Police activity shuts Route 50 ramp to Lanham polling place
Police activity shut the Route 50 ramp to Mt. Calvary Baptist Church as voters headed to the polls, forcing detours at a key Lanham site.

Police activity blocked the Route 50 ramp at Whitfield Chapel Road in Lanham and cut off direct access to the Mt. Calvary Baptist Church polling place while Maryland voters were casting ballots in the June 23 primary. Police said negotiators were talking with a man in crisis who was sitting on the fence over U.S. Route 50, and officials later said there was no threat to the community.
The closure landed on Election Day, when every delay mattered for voters who had to reach their assigned polling place before polls closed at 8 p.m. Maryland State Board of Elections guidance requires voters to use their assigned polling place on Election Day, which made the detour around Mt. Calvary Baptist Church especially consequential for anyone headed there in Prince George’s County.
The Maryland State Board of Elections and the Maryland Department of Emergency Management said detours were put in place and additional voting instructions were shared while the roadway remained shut.

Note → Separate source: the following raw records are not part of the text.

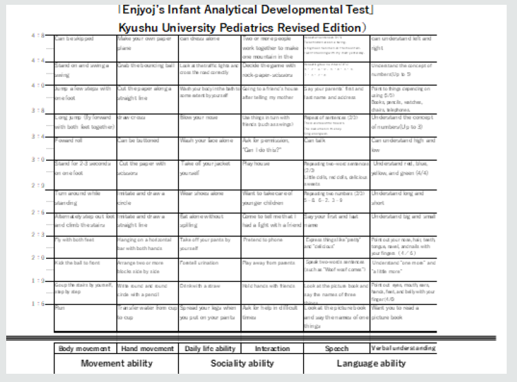 The parents or caregivers were interviewed regarding the presence or absence of visual support in the patients’ daily life, previous dental experiences, the age of the patients during their first experience of physical restraint during dental treatment, amount of time of restraint, and previous history of panic during dental treatment. Periodic dental check-ups, number of periodic dental check-ups, number of dental treatments under intravenous sedation, number of dental treatments under local anesthesia, performing visual support (VS) in a periodic oral examination, and DMF were investigated from dental records. The Enjoji infant analytical development test (Figure 1) was performed to evaluate the developmental age of locomotion, hand movement, basic habits, interpersonal relationships, speech, and language comprehension [9]. Severe behavioral disorders according to the Ministry of Health, Labor, and Welfare (Table 1) were evaluated by interviewing the parents and caregivers.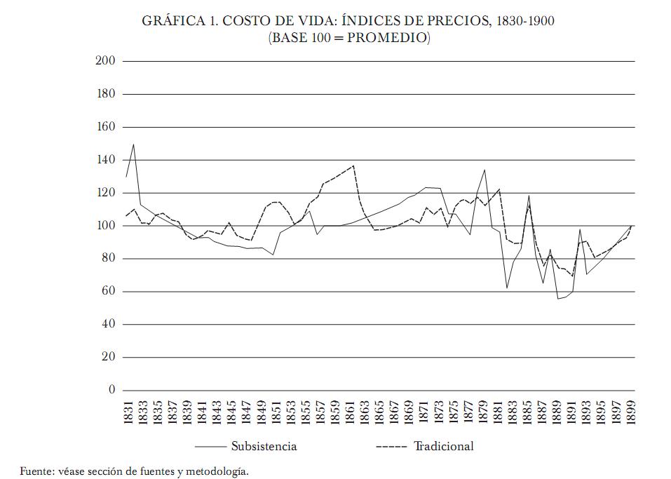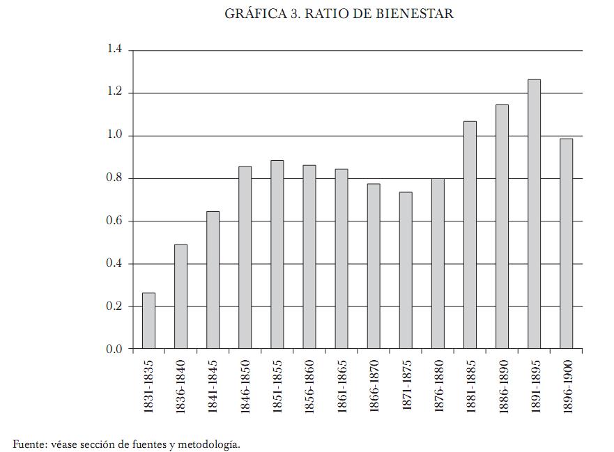 Tal como se ha comentado en la sección de contexto histórico, en las décadas de 1870 y 1880 se logró mayor estabilidad política y junto con la entrada de capitales del exterior se impulsó la actividad económica, en particular por parte del gobierno. Es durante estas décadas que se observa un incremento sustancial del bienestar que trepa a niveles superiores a 1.2 en la primera mitad de la década de 1890. Esta tendencia alentadora es interrumpida a fines de siglo con una caída a niveles de subsistencia. Esta reversión se debe a un aumento del costo de vida de subsistencia.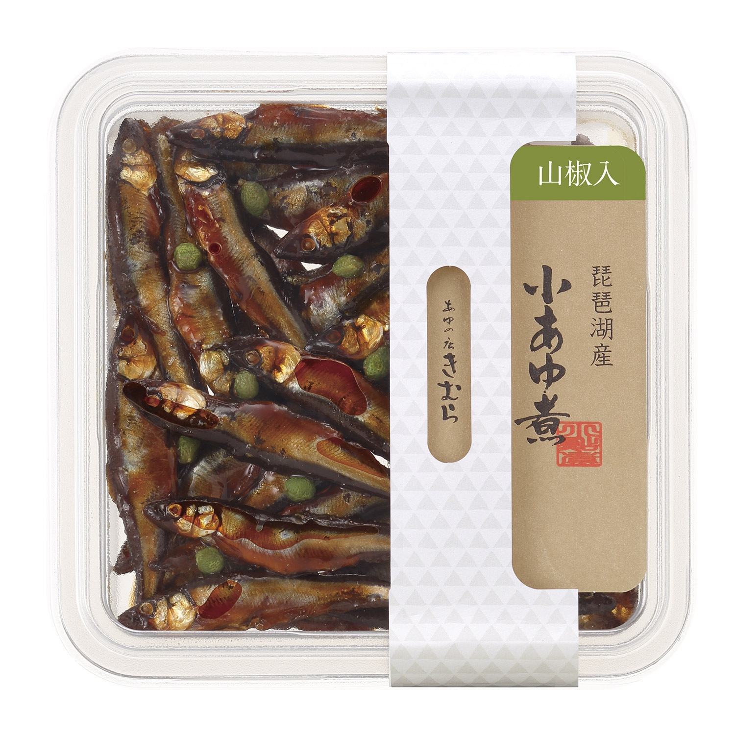 - 赤こんにゃく110g×1、山椒入小あゆ煮80g×1、あゆの姿煮切身85g×1、本もろこ70g×1
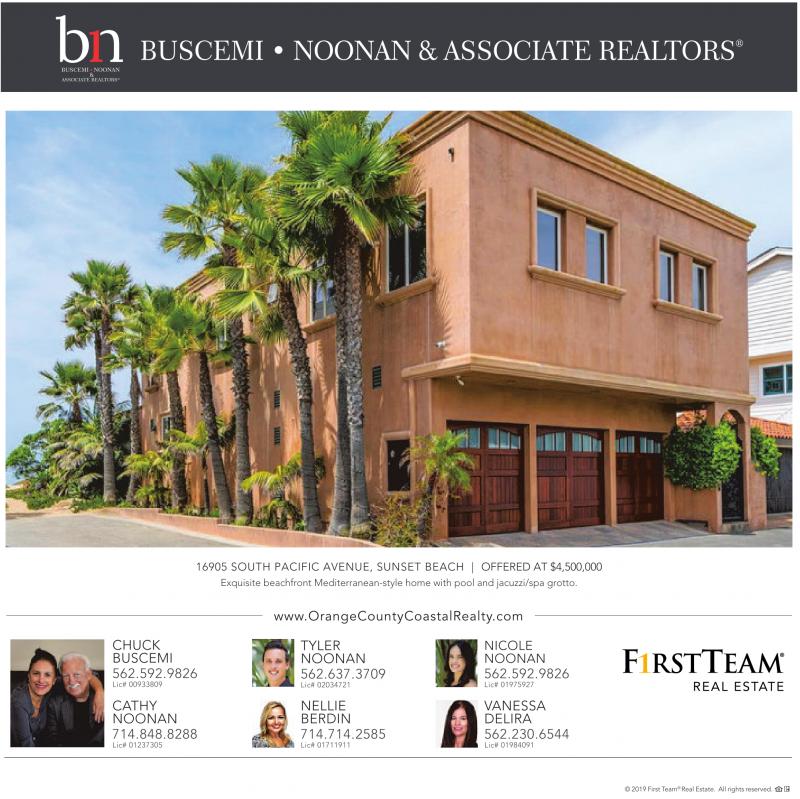 BUSCEMI NOONAN & ASSOCIATE REALTORS ® BUSCEMI • NOONAN & ASSOCIATE REALTORS ® 16905 SOUTH PACIFIC AVENUE, SUNSET BEACH | OFFERED AT $4,500,000 Exquisite beachfront Mediterranean-style home with pool and jacuzzi/spa grotto. www.OrangeCountyCoastalRealty.com CHUCK BUSCEMI 562.592.9826 Lic# 00933809 TYLER NOONAN 562.637.3709 Lic# 02034721 NICOLE NOONAN 562.592.9826 Lic# 01975927 CATHY NOONAN 714.848.8288 Lic# 01237305 NELLIE BERDIN 714.714.2585 Lic# 01711911 VANESSA DELIRA 562.230.6544 Lic# 01984091 ©2019 First Team ® Real Estate. All rights reserved. See also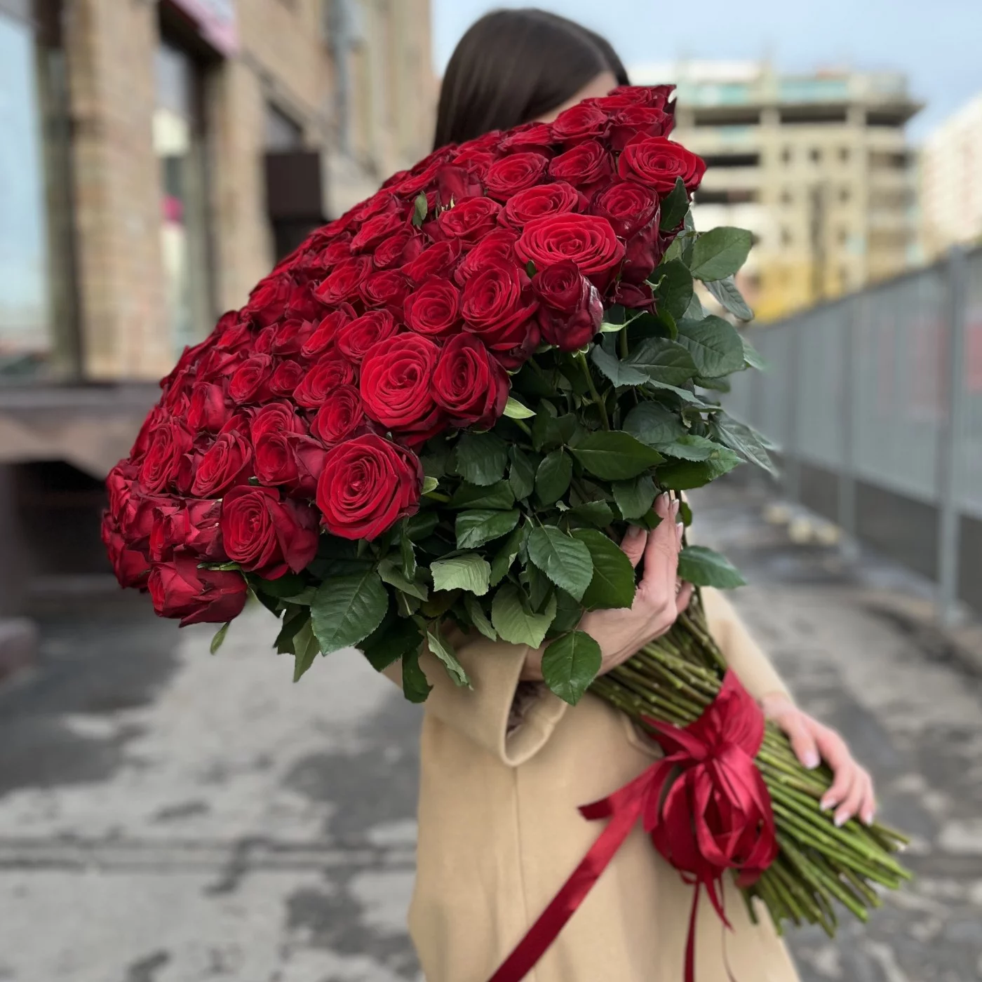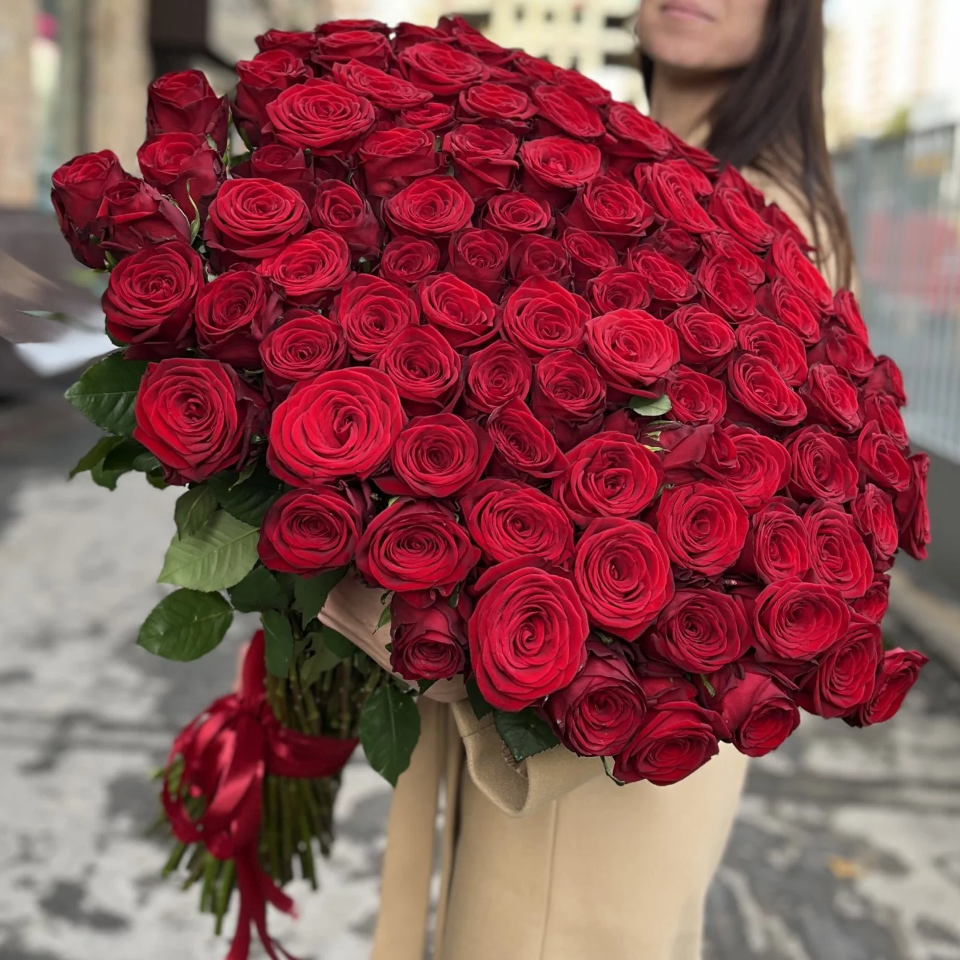 Букет из 101 длинной красной розы будет долго радовать и восхищать вашу избранницу приятным и пьянящим ароматом этих божественных цветов.

Route 50 later reopened, but the disruption briefly turned a routine trip to a polling place into a traffic problem for voters, drivers and election workers in Lanham.

The Prince George’s County Board of Elections says voters can check registration, districts, precincts and polling places through its lookup tools, and state election officials urged people to use official election resources when they were rerouted. The county also provides Spanish-language election materials, a safeguard that matters in Prince George’s County’s large and diverse electorate, where clear directions can determine whether a voter reaches the correct site on time.
Maryland’s 2026 primary election page listed June 23 as Election Day and set the mail-in ballot deadline at 8 p.m. that same day, leaving little margin for people trying to vote after being diverted near Whitfield Chapel Road. The incident put a spotlight on how a public-safety response near a polling place can ripple into access to the ballot, even when officials say the community is not under threat.
This article was produced by Prism’s automated news system from verified source data, official records, and press releases, then run through automated quality and moderation checks before publishing. The system is built and supervised by the people who set the standards it runs under. Read our full AI policy.